ANTIRHUMATISMAUX EN ASSOCIATION
Deux articles récents présentent une synthèse des résultats de différents traitements par l’association d’antirhumatismaux.7,8 L’excellent profil d’innocuité du MTX en
fait la pierre angulaire des cinq associations les plus efficaces. Dans trois de ces traitements, le deuxième
antirhumatismal était un médicament d’appoint pour des
patients ayant répondu en partie au MTX.
MTX + cyclosporine A (CsA).9,10 Dans une étude de
six mois contrôlée par un placebo, l’ajout de la CsA a
produit une réponse d’importance clinique. Pendant la
phase de prolongation, on a remplacé le placebo par la
CsA. Après six mois, le taux de réponse a été le même
que dans le groupe ayant reçu la CsA pendant l’étude
principale. À la lumière des résultats d’une étude clinique
précédente, contrôlée et ouverte, la CsA a ralenti la progression radiologique.11,12 Cependant, bien que l’association MTX/CsA puisse être envisagée en traitement de
deuxième intention dans les cas de réponse partielle au
MTX, la toxicité à longue échéance (hypertension, hausse
de la créatinine sérique) risque d’en limiter l’utilité.
MTX + étanercept. L’ajout de l’étanercept (25 mg,
sous-cutanés, deux fois par semaine) a produit un taux
de réponse ACR sans précédent dans les études cliniques
sur l’AR.13 Pendant l’étude libre (phase de prolongation),
certains patients ont poursuivi le traitement pendant plus
de 30 mois, et le taux de réponse a été maintenu.
Caractérisée par une toxicité très bénigne, cette association médicamenteuse semble offrir une des options
thérapeutiques les plus efficaces à l’heure actuelle.
MTX + infliximab (RemicadeMD). L’infliximab est un
anticorps monoclonal chimère anti-TNF. Il est administré
en association avec le MTX en perfusion intraveineuse,
toutes les huit semaines. Dans l’étude ATTRACT (Anti-TNF
Trial in Rheumatoid Arthritis with Concomitant Therapy),
des patients atteints depuis longtemps d’une AR modérée
à grave et ayant présenté une réponse clinique partielle au
MTX ont été répartis de façon aléatoire pour recevoir le
placebo ou l’infliximab selon différents schémas posologiques.14 Sur le plan statistique, les quatre groupes traités
par l’infliximab ont présenté des résultats comparables, plus
favorables que ceux du groupe placebo. En effet, le ralentissement de la progression radiologique a été encore plus
remarquable dans ces quatre groupes. En plus de son profil
d’innocuité favorable sur une période d’un an, cette association semble un des traitements actuels les plus efficaces.

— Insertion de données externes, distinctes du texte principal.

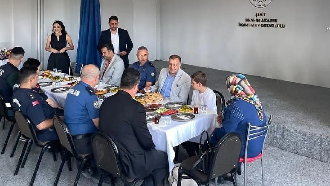 Tomarza’da Şehit İbrahim Akarsu’nun ailesi isminin verildiği İmam Hatip Ortaokulu’nda ağırlandı.
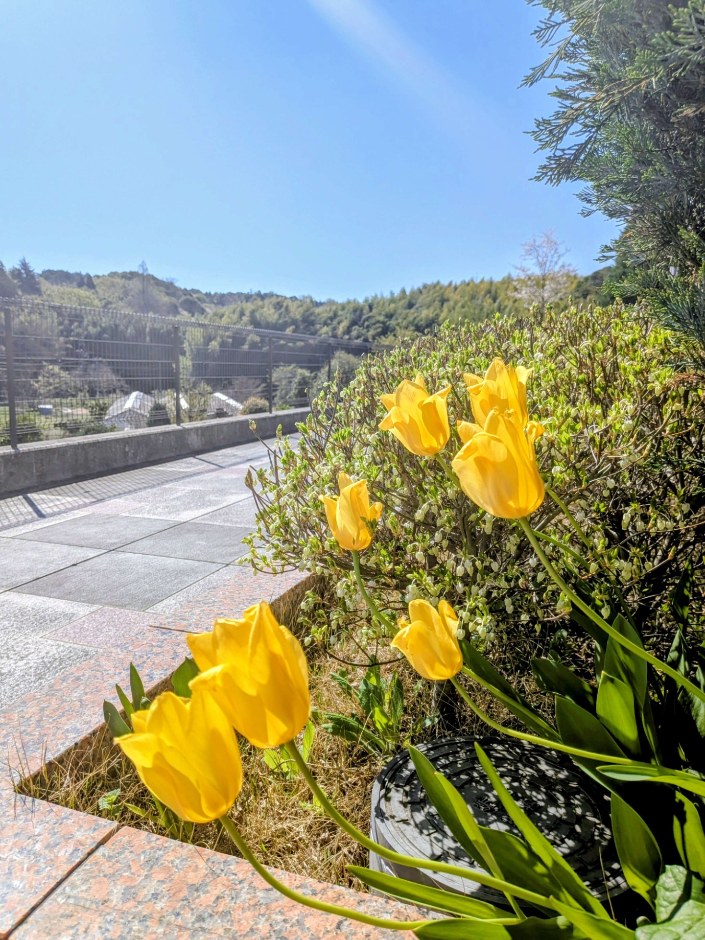 苑内では、青空の下でチューリップが元気に咲き、訪れる方々の目を楽しませてくれています。
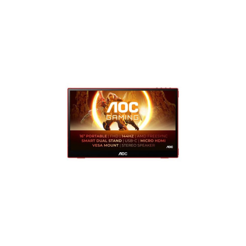 <b>AOC GAMING 16G3 is a 15.6” Full HD gaming portable monitor featuring IPS panel, fast 144 Hz refresh rate, FreeSync and full connectivity for gaming wherever you want</b><br>The AOC GAMING 16G3 is the first AOC GAMING portable gaming monitors and it combines a great gaming experience with striking visuals in a minimal and light design. The 15.6” Full HD IPS display delivers captivating colors and shadows, indoor or outdoor, with an impressive brightness of 250 cd/m2 and a contrast ratio of 1000:1. Bring the battle wherever you want and always have the upper hand: the 16G3 offers 144Hz refresh rate, FreeSync and 4ms response time for a fast-paced gaming experience, on console (microHDMI), laptops and selected smartphones (USB-C).AOC 16G3. Display diagonal: 39.6 cm (15.6"), Display technology: TFT, Display resolution: 1920 x 1080 pixels. RMS rated power: 2 W. USB port type: USB Type A/USB Type-C, USB version: 3.2 Gen 1 (3.1 Gen 1), Headphone connectivity: 3.5 mm. Product type: Portable monitor, Product colour: Black, Red, Panel mounting interface: 50 x 50 mm. On Screen Display (OSD) languages: Simplified Chinese, Traditional Chinese, Croatian, Czech, German, Dutch, English, Spanish,...
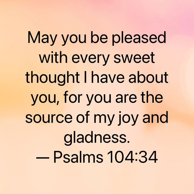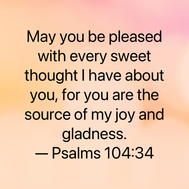 My thoughts of Him —> His Pleasure to me —> joy and gladness in my life —> my thoughts of Him —> His Pleasure to me —> joy and gladness in my life —> my thoughts of Him… On and on and wonderful on.

Par ailleurs, deux traitements d’association ont été
évalués en traitement de première intention lors de
deux études cliniques différentes : Le traitement à l’aide
de trois antirhumatismaux (trithérapie), qui associe
d’emblée le MTX, l’hydroxychloroquine (HCQ) et la sulfasalazine (SSZ), a été comparé à l’association HCQ + SSZ
ou au MTX administré seul dans une étude d’une durée de
deux ans.15 Le principal indicateur de l’efficacité était une
amélioration de 50 % du critère composé de Paulus après
neuf mois de traitement. À ce stade, les patients non
répondants étaient exclus de l’étude. Les patients ayant
reçu la trithérapie ont présenté des résultats beaucoup plus
favorables que les deux autres groupes. À la fin des
deux années, plus de 75 % des patients présentaient une
réponse soutenue, définie par l’amélioration de 50 % du
critère de Paulus.
Cette étude est néanmoins limitée par le très petit
nombre de patients (31 dans le groupe trithérapie, 36 dans
le groupe MTX en monothérapie) et par l’absence d’une
évaluation radiologique. Les résultats d’une deuxième étude, dont la population était aussi peu nombreuse,
ont été présentés sous forme de résumé,16 mais les
chercheurs n’ont pas réussi à reproduire un taux de
réponse clinique aussi favorable. Seulement 46 % des
patients ont présenté une réponse clinique conforme au
critère 50 de l’ACR, comparativement à 36 % dans le
groupe MTX +HCQ.
Dans l’étude COBRA (Combinatietherapie Bij
Reumatoide Artritis), menée auprès de patients atteints
d’une AR au stade précoce, l’association SSZ (2g/j) +
MTX (7,5 mg/sem.) + prednisone (60 mg/j, diminuée
graduellement en 28 semaines) s’est d’abord révélée plus
efficace que la SSZ administrée seule. Toutefois, à la
semaine 58, l’efficacité clinique était semblable.17 Dans
le groupe recevant le traitement d’association, la progression radiologique a toutefois été plus lente, comme
le montre l’évaluation à la semaine 80. L’absence d’un
groupe « monothérapie par le MTX » (doses croissantes
jusqu’à 17,5 mg à 20 mg) jette un doute important sur
l’utilité d’un tel traitement d’association.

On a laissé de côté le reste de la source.